American computer scientist

Jacob Savir is a professor in the Department of Electrical and Computer Engineering at the New Jersey Institute of Technology and an IEEE Fellow.

He is credited with developing two approaches to detecting Transition Faults (a type of Fault model) that might occur during the manufacturing of semiconductor chips, viz., the Skewed-Load Transition Test (Launch-off-shift at-speed test) and the Broad-side delay test (Launch on Capture at-speed test).

== Education ==

Savir completed his B.Sc. and M.Sc. in Electrical Engineering from Technion – Israel Institute of Technology in 1968 and 1974 respectively. He then obtained his MS in Statistics and PhD in Electrical Engineering from Stanford University in 1976 and 1978 respectively.
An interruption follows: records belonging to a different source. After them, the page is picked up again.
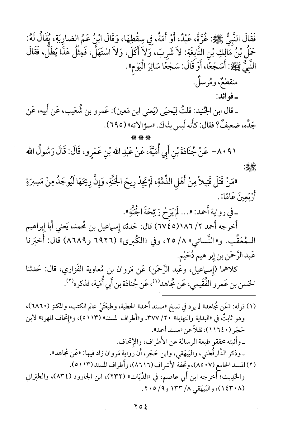 ٨٠٩١ - عن جُنادة بن أبي أُمية، عن عبد الله بن عَمرو، قال: قال رسول الله صَلى الله عَليه وسَلم:
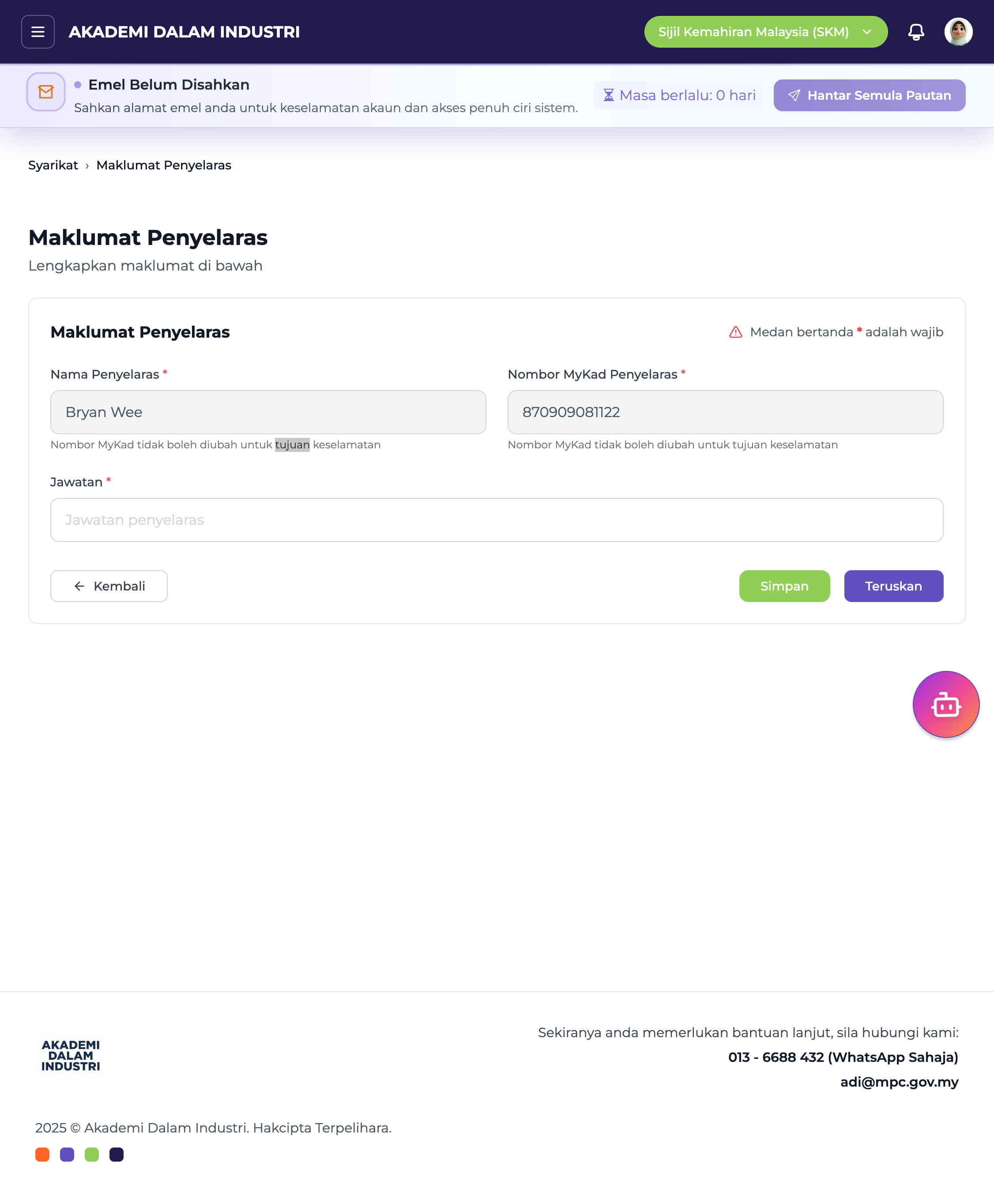 Nama: Masukkan nama penuh penyelaras (PIC syarikat).
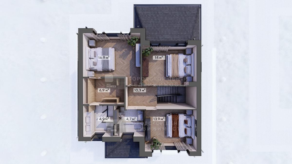 На втором этаже- три спальни, одна из которых с гардеробной и отдельным санузлом
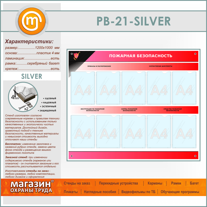 Стенд «Пожарная безопасность» с 10 карманами (PB-21-SILVER) в Твери купить
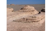 阿勒泰五彩城北距富蕴县城约280公里,海拔约650米。阿勒泰五彩城外观属丘陵地形,是受风力和流水作用形成的侵蚀台地,高一般10――20米,最高约50米,分布面积近10平方公里。 一般由倾角不大的侏罗纪地层构成的阿勒泰五彩城,岩画凹凸相间,岩石色泽多变,以红为主,间以绿、黄、白、黑及过渡色彩,酷似五彩古堡。阿勒泰五彩城与乌尔禾魔鬼城的雅丹地貌相比更具有良好的视觉效果。
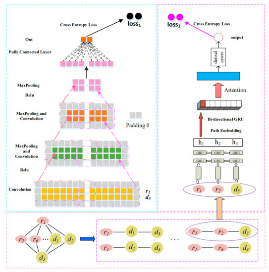 Most advanced methods are predictive for drug–disease networks. Liang et al. [23] used drug chemical substructure information, drug target domain information, and drug target annotation information to calculate drug similarities; the drug-disease associations were predicted through Laplacian regularized sparse subspace learning (LRSSL). Luo et al. [24] used drug chemical substructure information to calculate drug similarities, and they used disease semantics to calculate disease similarities. Then, they constructed a drug-disease two-layer heterogeneous network using a bi-random walk with a restart algorithm to reposition drugs. Zhang et al. [25] also used drug similarity and disease similarity to design drug–disease heterogeneous networks for repositioning drugs based on matrix decomposition with similarity constraints. Xuan et al. [26] proposed a matrix-based decomposition method for integrating drug similarity and disease similarity to predict drug–disease associations. However, these methods are shallow learning methods that cannot accommodate complex and non-linear information on drug similarity, disease similarity, and drug–disease associations. In addition, the paths of drugs and diseases as important auxiliary information were not deeply integrated in these previous methods. Therefore, a deep-learning-based prediction method must be developed to integrate the similarity, association information, and path information of drug–disease pairs. We propose a prediction method based on a convolutional neural network (CNN) and gated recurrent unit (GRU) called CGARDP for predicting drug-disease associations. The left part of CGARDP’s prediction model focuses on local information related to a drug-disease pair, and the right part of the model learns the path information between drug-disease pairs. Experimental cross-validation results clearly show that CGARDP performs better than several of the most advanced prediction methods. Case studies involving five drugs show that CGARDP can detect potential candidate disease indications.
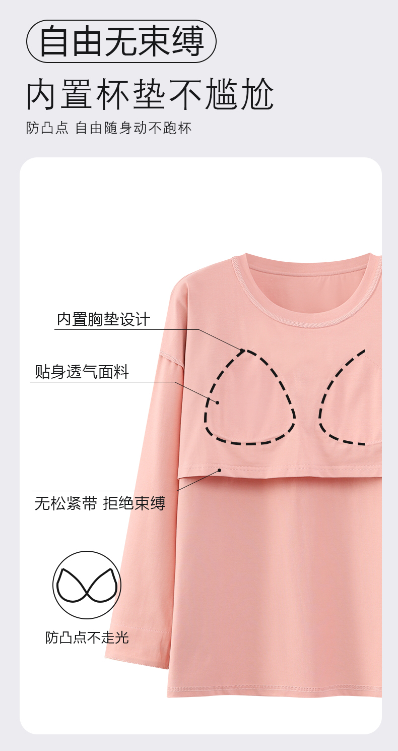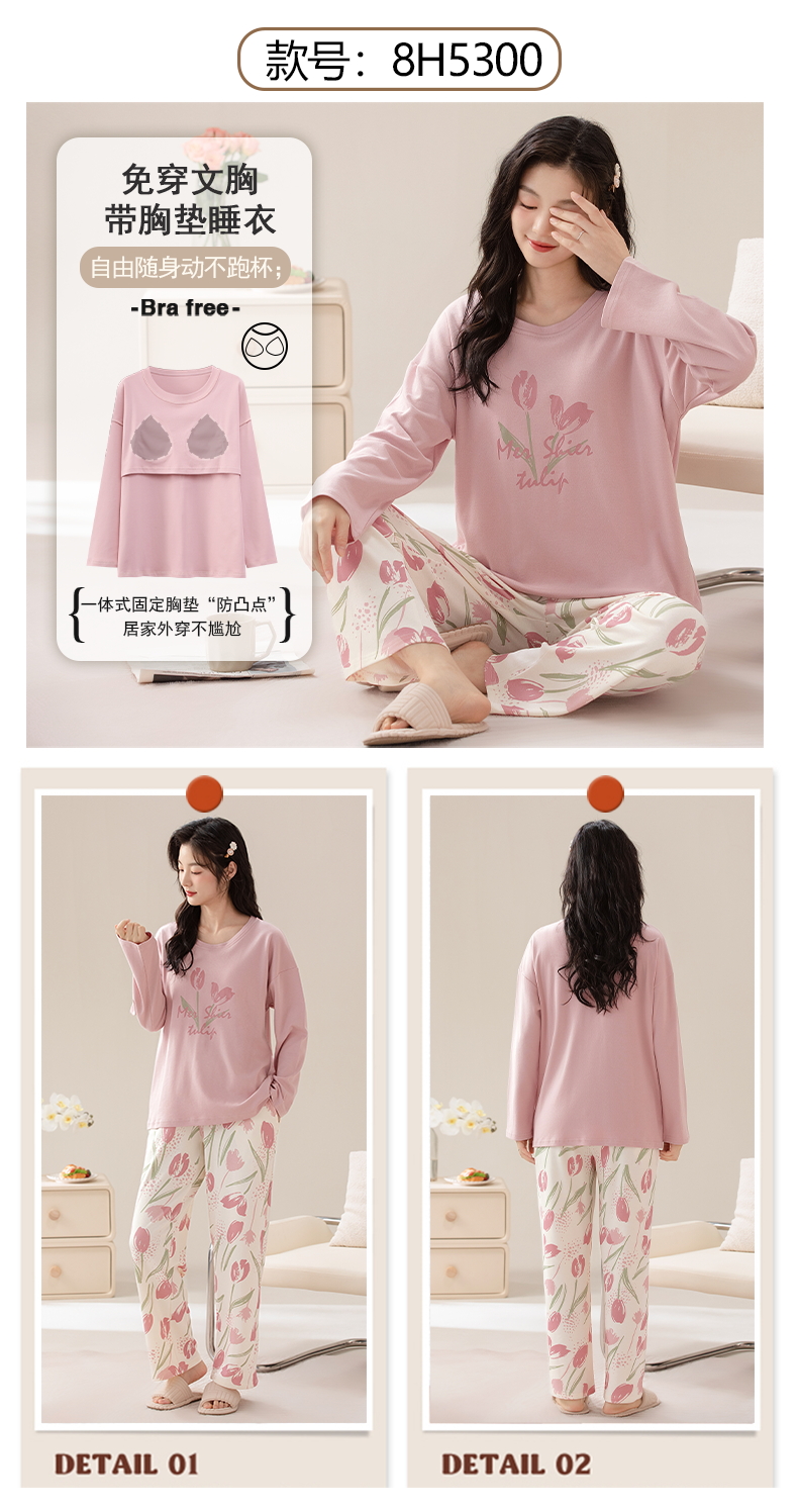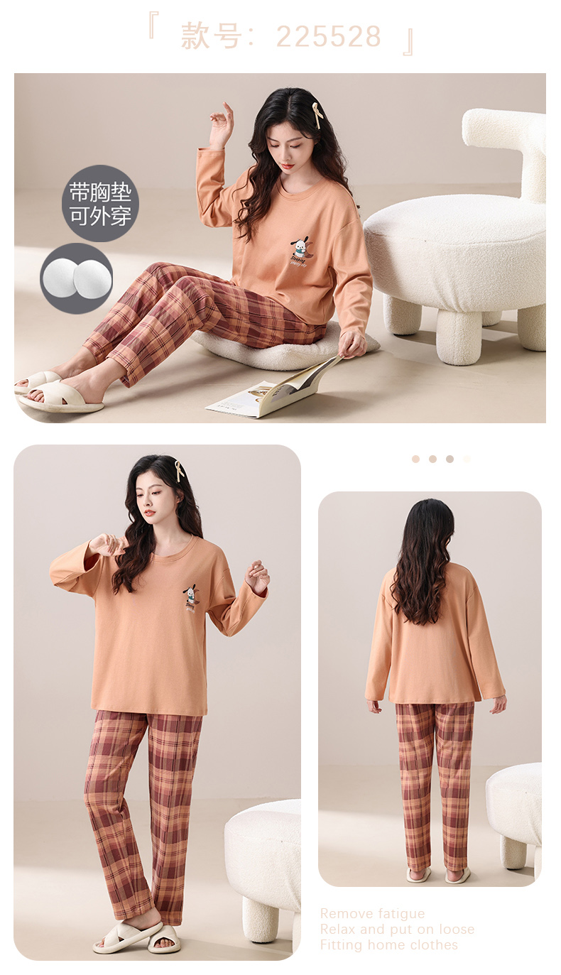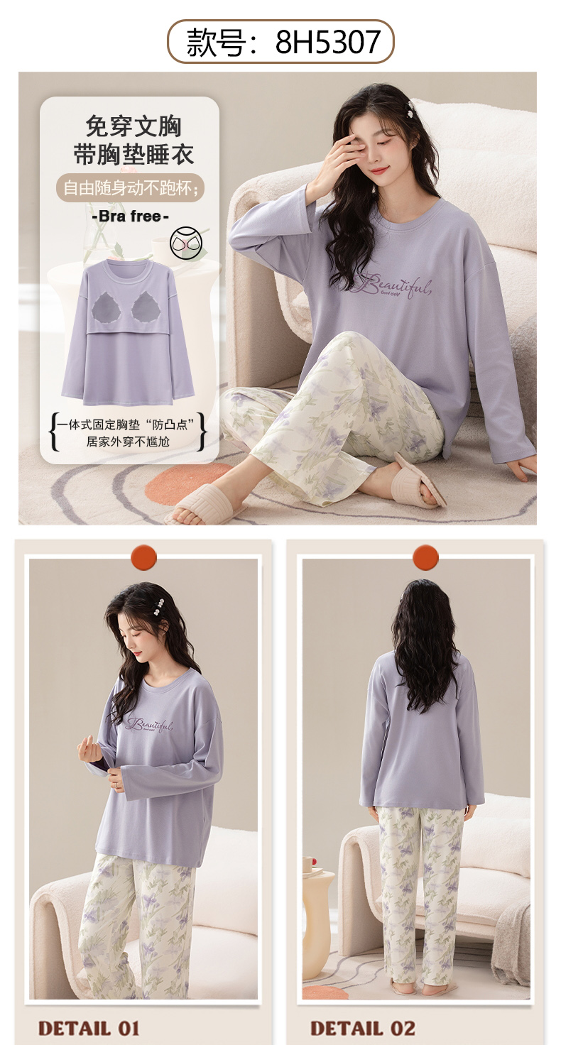 【热卖推荐】自然醒柔汐(带胸垫)女士家居服100%棉长袖长裤套头睡衣QH

He worked as a researcher at IBM for nearly two decades after his PhD (1978-1996).

== Research contributions to DFT ==
In 1992, Savir wrote the seminal paper on Skewed-Load Transition Test better known in the Design for testing industry as Launch-off-shift at-speed test.

In 1994, he co-authored the paper on Broad-side delay test.